Task material
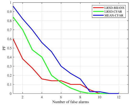 Apart from the high detection rate, the proposed method also shows good performance in suppressing false alarms, as shown in Figure 11. When the number of false alarms is lower than six, the value of the LRSD-BIIANS method is significantly lower than that of the LRSD-CFAR and MEAN-CFAR methods. More specifically, when the number of false alarms is four, the value of the LRSD-BIIANS method is 16%, while the value of the LRSD-CFAR method and MEAN-CFAR method is twice and three times that of the LRSD-BIIANS method, respectively. This indicates that the detection results of the MEAN-CFAR method and LRSD-CFAR method contain more frames with four false targets, which will give rise to a severe troublesome in moving target localization. In addition, the PF value of the LRSD-CFAR method is smaller than that of the MEAN-CFAR method, indicating that the LRSD-CFAR method is superior to the MEAN-CFAR method in suppressing false alarms.
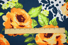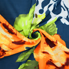 Orange-Blue-Multi Floral Dots Printed Poly Chiffon Woven Fabric
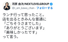 — (@i_am_kawa_chan) 「ネクストレベルホールディングス」代表取締役で実業家・河原由次氏が9日に自身のX(旧ツイッター)を更新し、飲食店で「いただきますと言うべき?」問題で私見を展開した。 河原氏は「ランチ行って思ったこと。店を出るときみんな普通に『ごちそうさまでした』『ありがとうございます』『美味しかったです』って言う」と切り出す。 しかし「普通に考えたら 俺たちお店にご馳走してもらったわけじゃない。普通にお金払ってる」とし「むしろお店側からしたら『食べに来てくれてありがとうございます』やろ。この感覚、俺がおかしいのか?」と投げかけていた。 これに「いただいた命に対しての感謝の言葉だと思います」というコメントが寄せられると、河原氏は「食材には頂きます言うてるで?」と返していた。 ※詳しくは下記リンクより 関連記事 【朗報】YouTubeで天下を取った「マックスむらい」、実業家としても大成功wwwwwww 【伏線回収】人気実業家の与沢翼さん、答え合わせ。 【速報】実業家と結婚した小島瑠璃子(こじるり)の現在がこれ 【画像】金メダリストのアリサ・リウちゃん、アレが判明しアメリカで炎上wwwwwww…
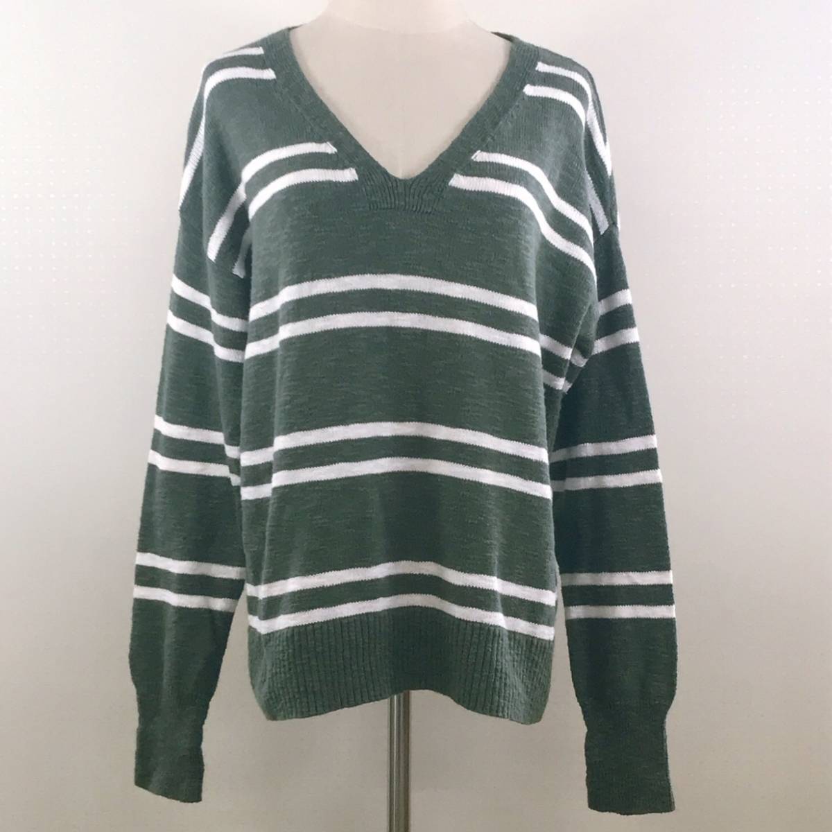 - YX137 美品 GAP ギャップ レディース トップス セーター 長袖 Vネック M グリーンホワイト ボーダー 綿100% あたたか カジュアル おしゃれ
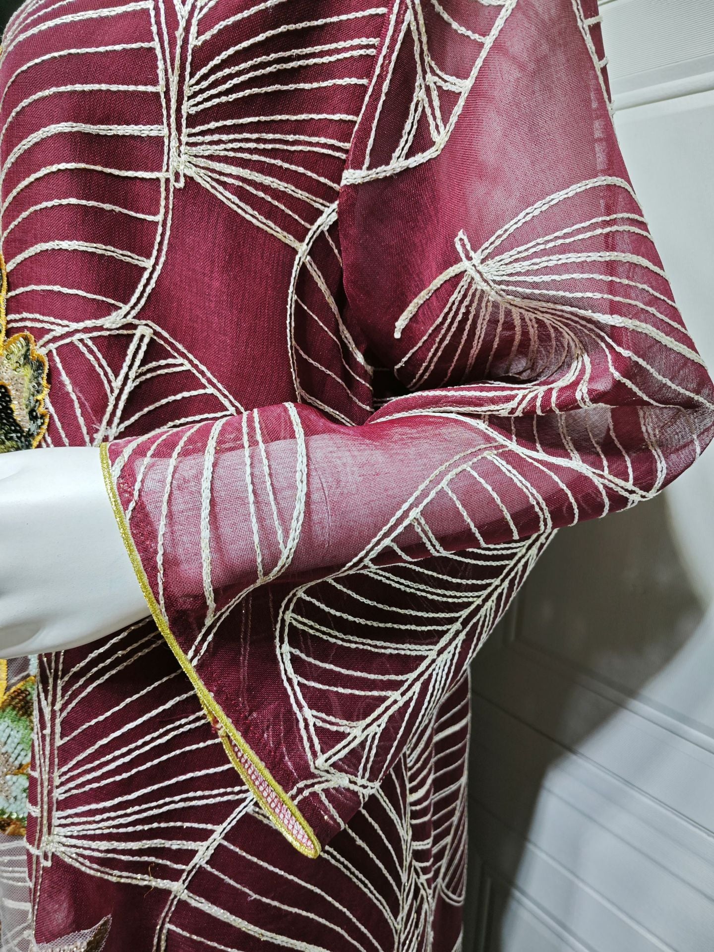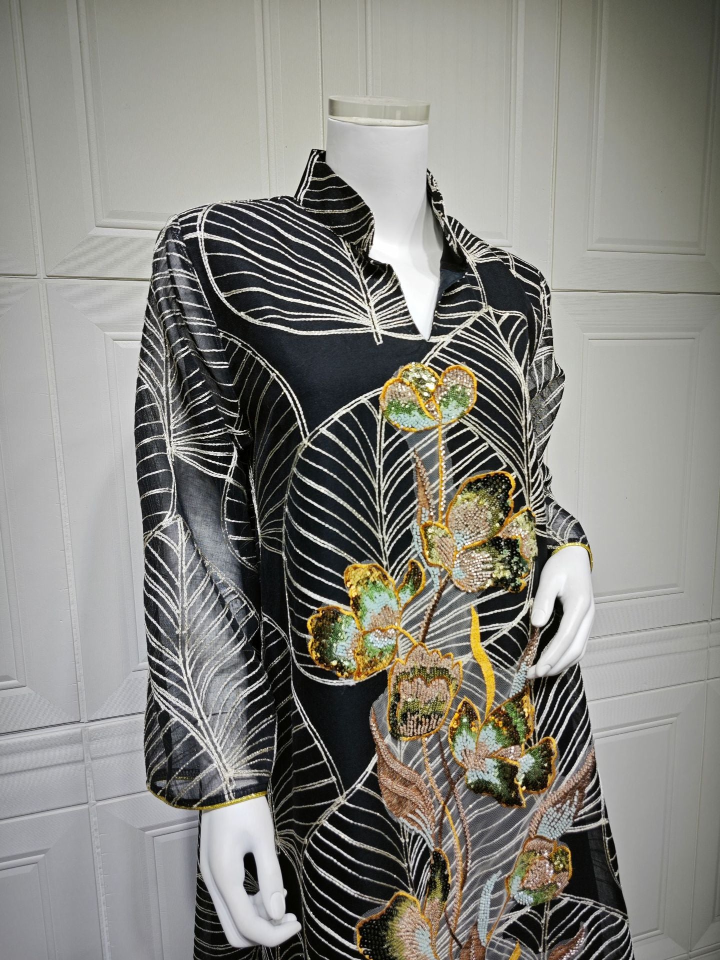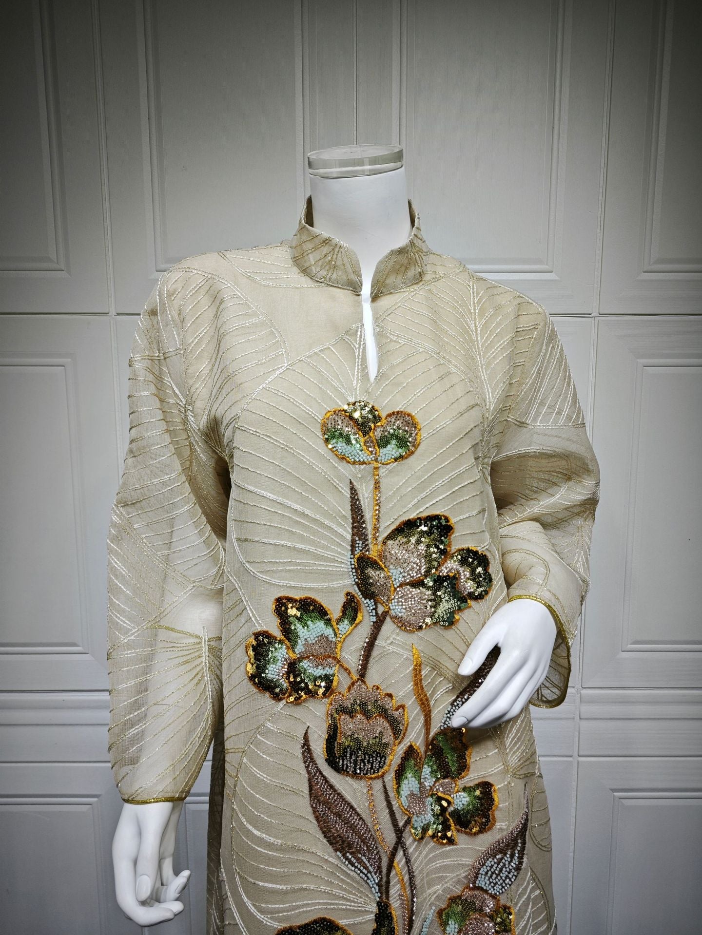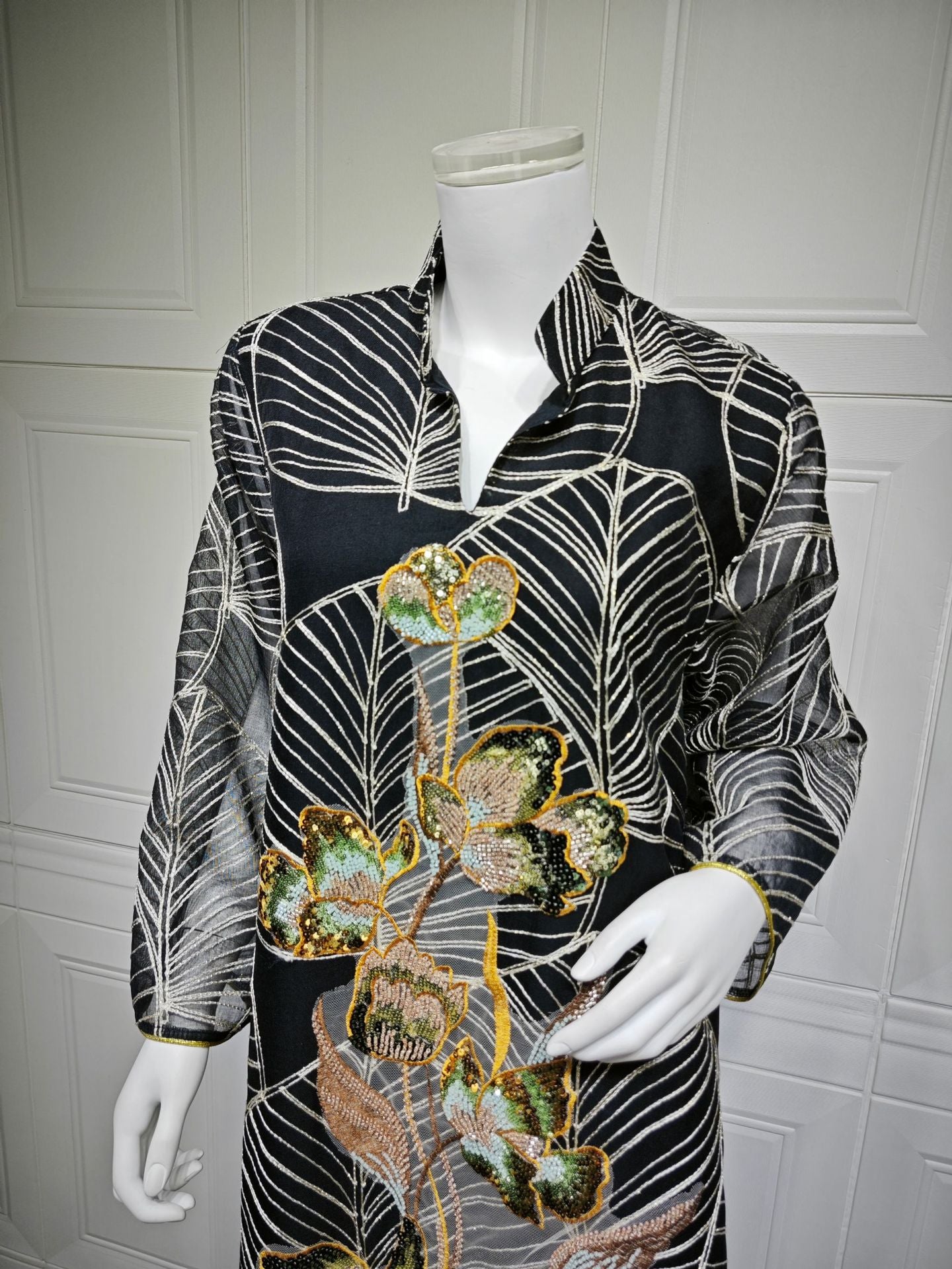 Embroidered patterns are applied to the mesh, with delicate stitching enhancing the overall texture.

Your assignment
If a record contains a picture, drop the picture and repeat the rest exactly.

Answer section
 Apart from the high detection rate, the proposed method also shows good performance in suppressing false alarms, as shown in Figure 11. When the number of false alarms is lower than six, the value of the LRSD-BIIANS method is significantly lower than that of the LRSD-CFAR and MEAN-CFAR methods. More specifically, when the number of false alarms is four, the value of the LRSD-BIIANS method is 16%, while the value of the LRSD-CFAR method and MEAN-CFAR method is twice and three times that of the LRSD-BIIANS method, respectively. This indicates that the detection results of the MEAN-CFAR method and LRSD-CFAR method contain more frames with four false targets, which will give rise to a severe troublesome in moving target localization. In addition, the PF value of the LRSD-CFAR method is smaller than that of the MEAN-CFAR method, indicating that the LRSD-CFAR method is superior to the MEAN-CFAR method in suppressing false alarms.
 Orange-Blue-Multi Floral Dots Printed Poly Chiffon Woven Fabric
 — (@i_am_kawa_chan) 「ネクストレベルホールディングス」代表取締役で実業家・河原由次氏が9日に自身のX(旧ツイッター)を更新し、飲食店で「いただきますと言うべき?」問題で私見を展開した。 河原氏は「ランチ行って思ったこと。店を出るときみんな普通に『ごちそうさまでした』『ありがとうございます』『美味しかったです』って言う」と切り出す。 しかし「普通に考えたら 俺たちお店にご馳走してもらったわけじゃない。普通にお金払ってる」とし「むしろお店側からしたら『食べに来てくれてありがとうございます』やろ。この感覚、俺がおかしいのか?」と投げかけていた。 これに「いただいた命に対しての感謝の言葉だと思います」というコメントが寄せられると、河原氏は「食材には頂きます言うてるで?」と返していた。 ※詳しくは下記リンクより 関連記事 【朗報】YouTubeで天下を取った「マックスむらい」、実業家としても大成功wwwwwww 【伏線回収】人気実業家の与沢翼さん、答え合わせ。 【速報】実業家と結婚した小島瑠璃子(こじるり)の現在がこれ 【画像】金メダリストのアリサ・リウちゃん、アレが判明しアメリカで炎上wwwwwww…
 - YX137 美品 GAP ギャップ レディース トップス セーター 長袖 Vネック M グリーンホワイト ボーダー 綿100% あたたか カジュアル おしゃれ
 Embroidered patterns are applied to the mesh, with delicate stitching enhancing the overall texture.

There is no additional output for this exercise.